Long Island hospitals brace for nonprofit status challenges
Long Island Business News, May 7, 2010 by Claude Solnik
The North Shore-Long Island Jewish Health System is looking forward to the day when thousands of once-indigent patients show up with insurance coverage, thanks to just-passed federal regulations.
But as the uninsured become paying customers, North Shore-LIJ and other hospitals are bracing for potential challenges to their tax- exempt status, which is based in part on their mission of serving those without coverage.
Providers’ concerns are being fueled by a recent court verdict stripping one Chicago hospital of tax exemptions and an ongoing Internal Revenue Service study on the future tax status of hospitals.
While hospitals in many states are for-profit, New York is home to mostly non-profit facilities, making possible challenges a state- wide concern.
Long Island’s for-profit hospitals have closed or been reborn as non-profits. The last, Massapequa General and Lydia Hall in Freeport, ceased operations, while Mid Island Hospital has been retooled into the non-profit New Island Hospital.
Not-for-profit hospitals’ federal tax-exempt status, which typically leads to state and local tax exemptions, is based on what’s known as “community benefit,” relying mostly on care provided to the uninsured.

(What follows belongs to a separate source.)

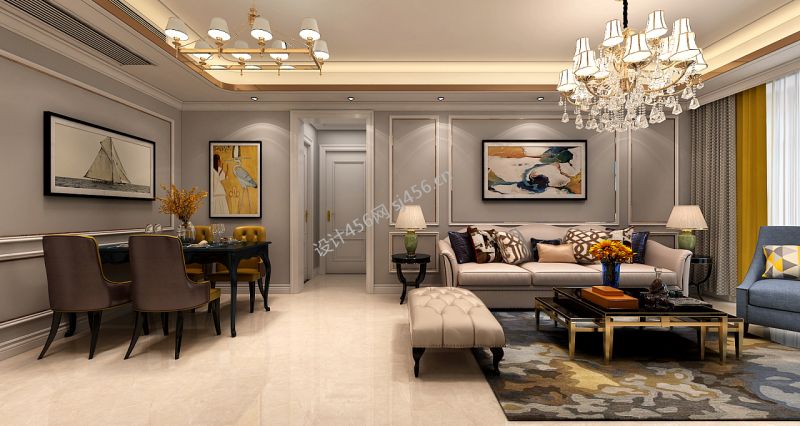 红星天悦119平三居室美式风格装修案例风效果图

“Charity represents a significant part of a not-for-profit’s community benefit in respect to its tax exemption,” said North Shore- LIJ Chief Financial Officer Robert Shapiro. “Patients will now be insured. Will we have significant community benefits to warrant a tax exemption?”
Robert Wild, chairman of the Garfunkel Wild law firm in Great Neck, said local hospitals will be able to argue that they earn their tax exempt status regardless of how many uninsured are covered, because suburban hospitals tend to have extensive educational and scientific missions.

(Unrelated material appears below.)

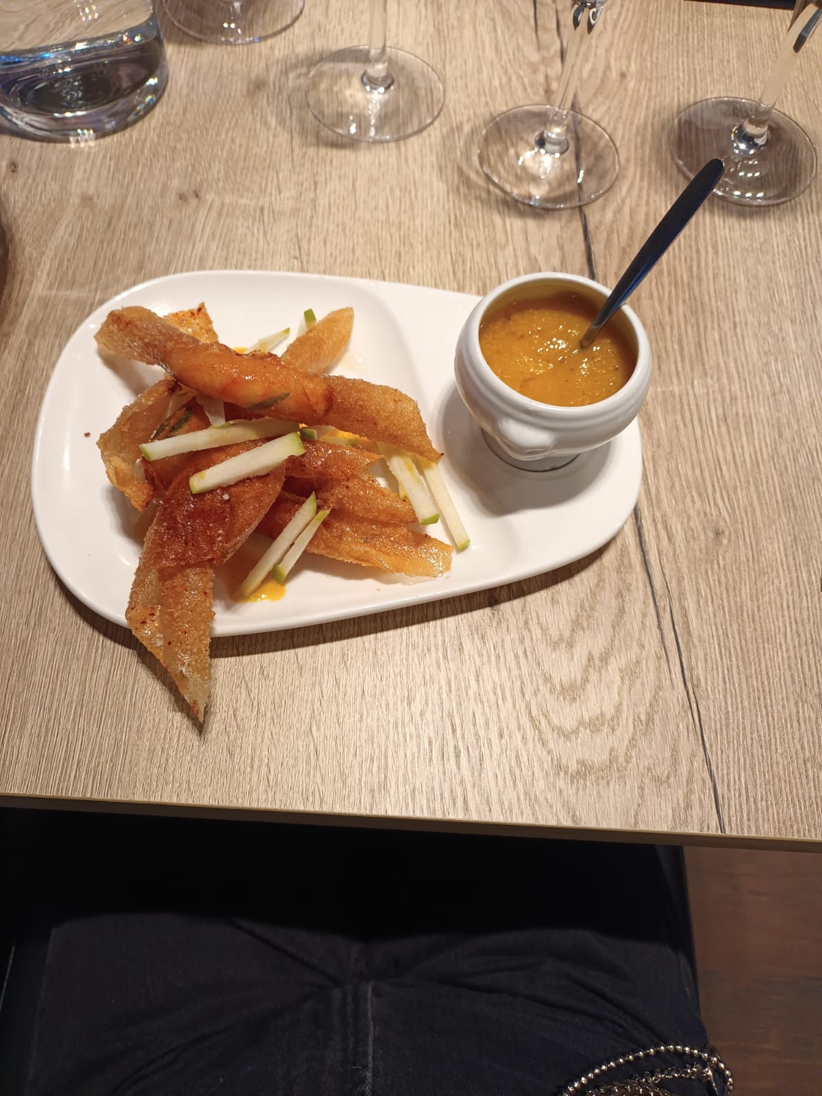 Très belle découverte. Nous étions une table de 4. Une jeune serveuse très jolie mais surtout très gentille, arrangeante et de bons conseils. Cuisine excellente, une agréable surprise, très beau dressage, cuisson impeccable, un pur régal pour les yeux et les papilles. Seul bémol, mon plat, le suprême de poulet en croûte de noisettes était annoncé avec des légumes et des gnocchis… Or, je n’ai eu que 2 gnocchis minuscules comme nous l’avons fait remarqué à la serveuse… J’avais pris ce plat avec l’envie de manger des gnocchis… raté. Peut-être à ce moment là ne pas notifier dans le descriptif du plat « gnocchis » car on s’attend à ce qu’il y en ait, que le gnocchis soit parti prenante du plat et là ce n’est absolument pas le cas. Nous avons trouvé cela dommage mais le plat était vraiment très bon. Nous reviendrons car c’est une bonne adresse.

“The maintenance of tax-exempt status depends on fulfilling the mission, which is not just charity care,” Wild said. “It also includes teaching. How many poor people you treat is not the only barometer.”
And hospital groups point out that even if 32 million Americans are newly covered, another 12 million will remain uninsured if and when the new federal legislation takes effect.
“There will always be a percentage of uninsured Americans seeking care at hospitals,” said Janine Logan, a spokeswoman for the Hauppauge-based Nassau-Suffolk Hospital Council. “In addition, hospitals are granted tax-exempt status because they give back to the communities they serve through free health screenings, health education and information in a variety of ways.”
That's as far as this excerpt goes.